_What the exercise asks_. Below are the records; copy exactly the stretch from the line containing "END四年级英语 点赞44 分享QQ空间微博QQ好友复制链接收藏" through the line containing "Manchester Pub Tube Map Framed Print", both ends included, and nothing else.

Segment Start: Records to process

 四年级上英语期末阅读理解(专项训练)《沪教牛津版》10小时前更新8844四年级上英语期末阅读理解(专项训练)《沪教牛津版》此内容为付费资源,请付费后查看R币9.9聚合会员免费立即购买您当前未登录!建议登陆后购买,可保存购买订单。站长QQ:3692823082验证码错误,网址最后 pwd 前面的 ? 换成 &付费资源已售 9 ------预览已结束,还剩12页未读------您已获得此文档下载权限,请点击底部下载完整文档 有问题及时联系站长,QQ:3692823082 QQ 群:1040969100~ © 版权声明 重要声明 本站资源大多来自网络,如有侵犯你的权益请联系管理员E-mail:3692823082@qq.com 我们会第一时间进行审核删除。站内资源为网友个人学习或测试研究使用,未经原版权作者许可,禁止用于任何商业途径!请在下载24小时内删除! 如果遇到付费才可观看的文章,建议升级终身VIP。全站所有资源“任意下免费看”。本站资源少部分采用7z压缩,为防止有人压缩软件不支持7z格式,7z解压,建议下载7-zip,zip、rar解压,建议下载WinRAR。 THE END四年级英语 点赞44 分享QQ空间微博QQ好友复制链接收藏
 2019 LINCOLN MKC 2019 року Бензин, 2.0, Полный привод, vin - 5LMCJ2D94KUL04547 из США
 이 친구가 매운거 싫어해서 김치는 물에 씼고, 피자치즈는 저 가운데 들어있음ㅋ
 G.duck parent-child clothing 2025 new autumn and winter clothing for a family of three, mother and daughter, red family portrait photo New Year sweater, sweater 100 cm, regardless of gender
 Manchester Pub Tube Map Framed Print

Segment End: Records to process
Segment Start: Records to process

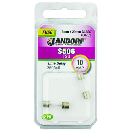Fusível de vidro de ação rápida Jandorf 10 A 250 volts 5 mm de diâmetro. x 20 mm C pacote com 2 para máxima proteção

Segment End: Records to process
Segment Start: Records to process

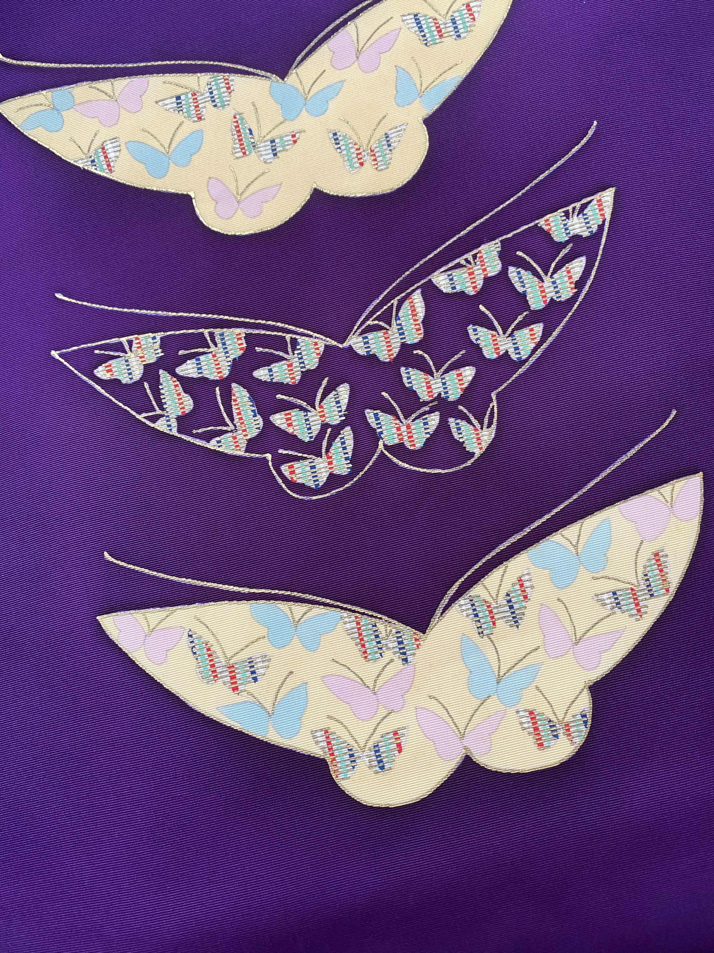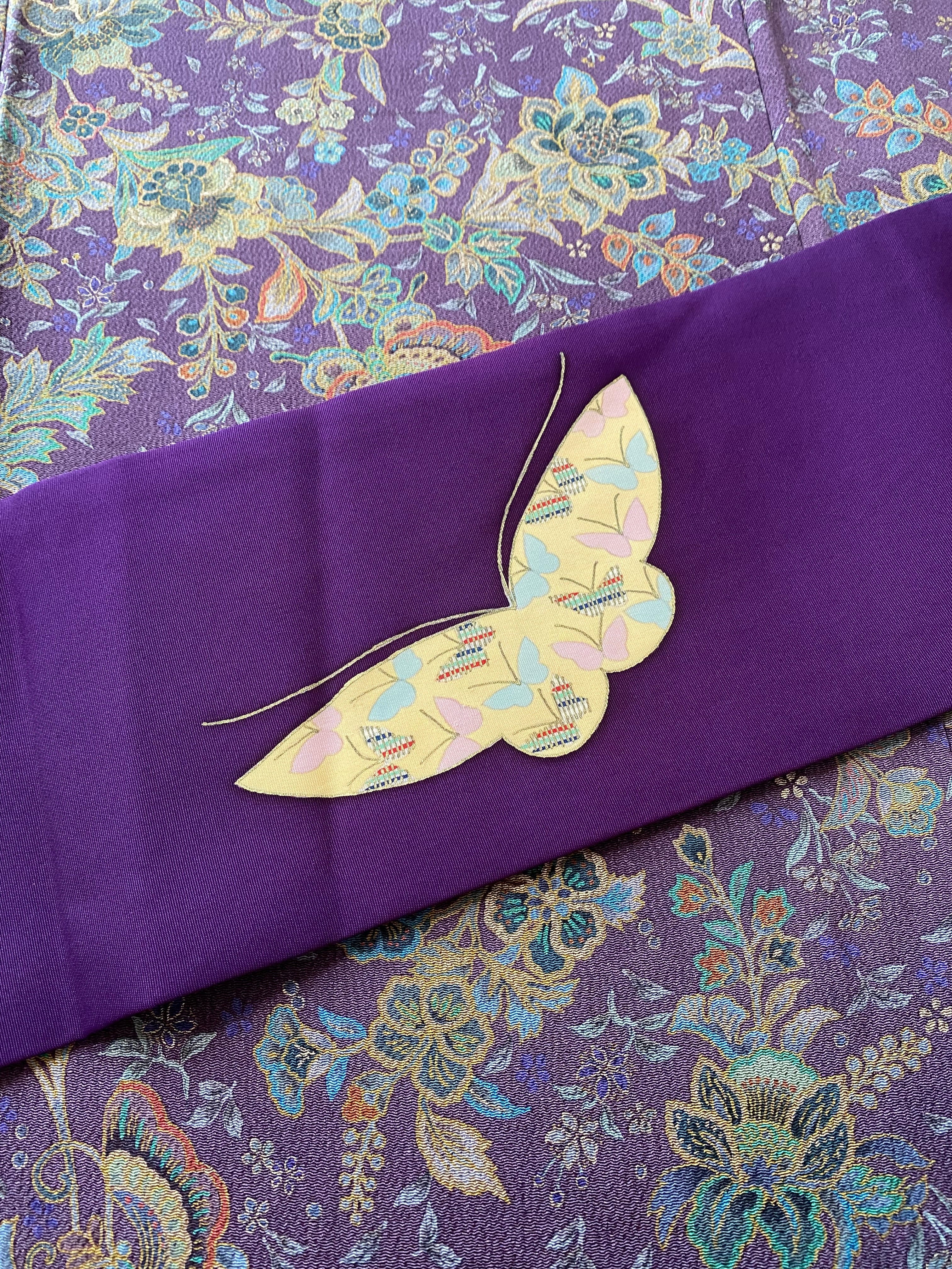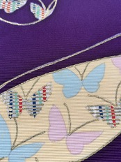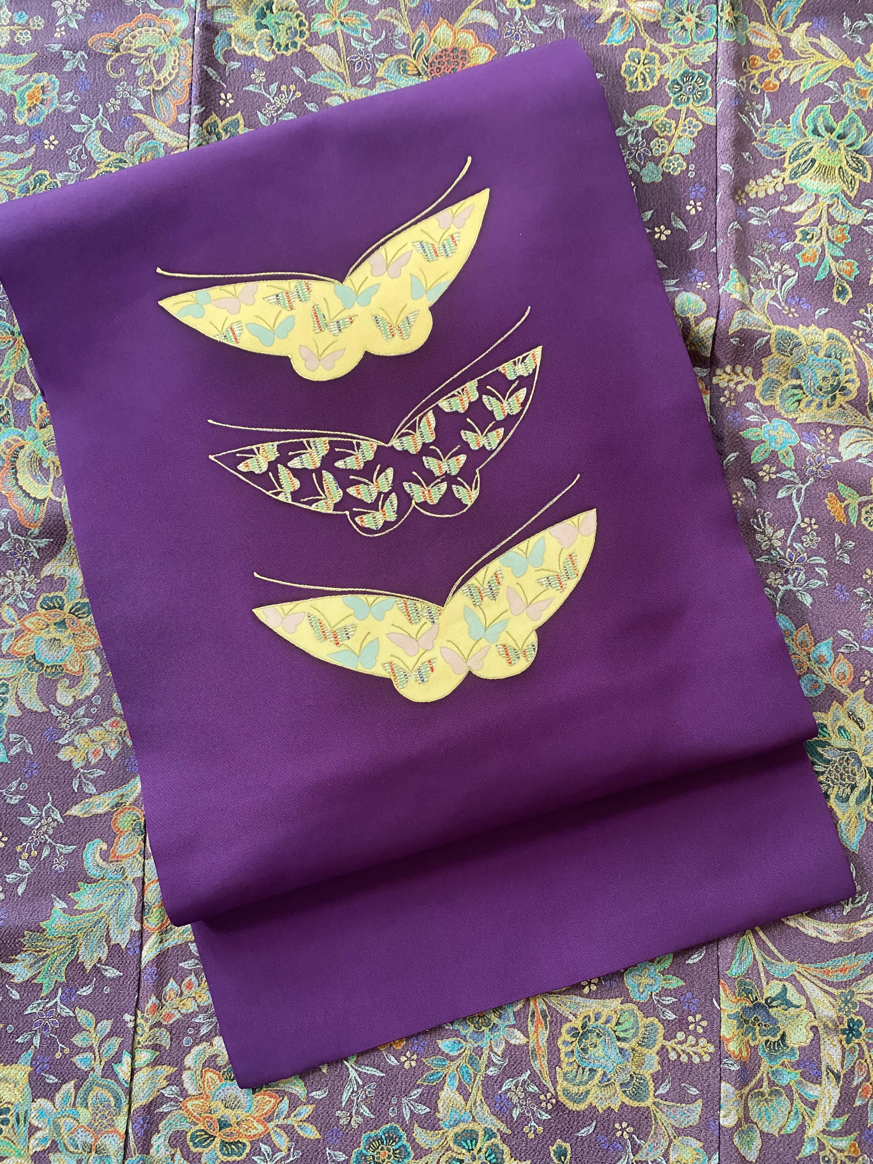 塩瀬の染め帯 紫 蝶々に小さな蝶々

Segment End: Records to process

_Reply to the task_.
 四年级上英语期末阅读理解(专项训练)《沪教牛津版》10小时前更新8844四年级上英语期末阅读理解(专项训练)《沪教牛津版》此内容为付费资源,请付费后查看R币9.9聚合会员免费立即购买您当前未登录!建议登陆后购买,可保存购买订单。站长QQ:3692823082验证码错误,网址最后 pwd 前面的 ? 换成 &付费资源已售 9 ------预览已结束,还剩12页未读------您已获得此文档下载权限,请点击底部下载完整文档 有问题及时联系站长,QQ:3692823082 QQ 群:1040969100~ © 版权声明 重要声明 本站资源大多来自网络,如有侵犯你的权益请联系管理员E-mail:3692823082@qq.com 我们会第一时间进行审核删除。站内资源为网友个人学习或测试研究使用,未经原版权作者许可,禁止用于任何商业途径!请在下载24小时内删除! 如果遇到付费才可观看的文章,建议升级终身VIP。全站所有资源“任意下免费看”。本站资源少部分采用7z压缩,为防止有人压缩软件不支持7z格式,7z解压,建议下载7-zip,zip、rar解压,建议下载WinRAR。 THE END四年级英语 点赞44 分享QQ空间微博QQ好友复制链接收藏
 2019 LINCOLN MKC 2019 року Бензин, 2.0, Полный привод, vin - 5LMCJ2D94KUL04547 из США
 이 친구가 매운거 싫어해서 김치는 물에 씼고, 피자치즈는 저 가운데 들어있음ㅋ
 G.duck parent-child clothing 2025 new autumn and winter clothing for a family of three, mother and daughter, red family portrait photo New Year sweater, sweater 100 cm, regardless of gender
 Manchester Pub Tube Map Framed Print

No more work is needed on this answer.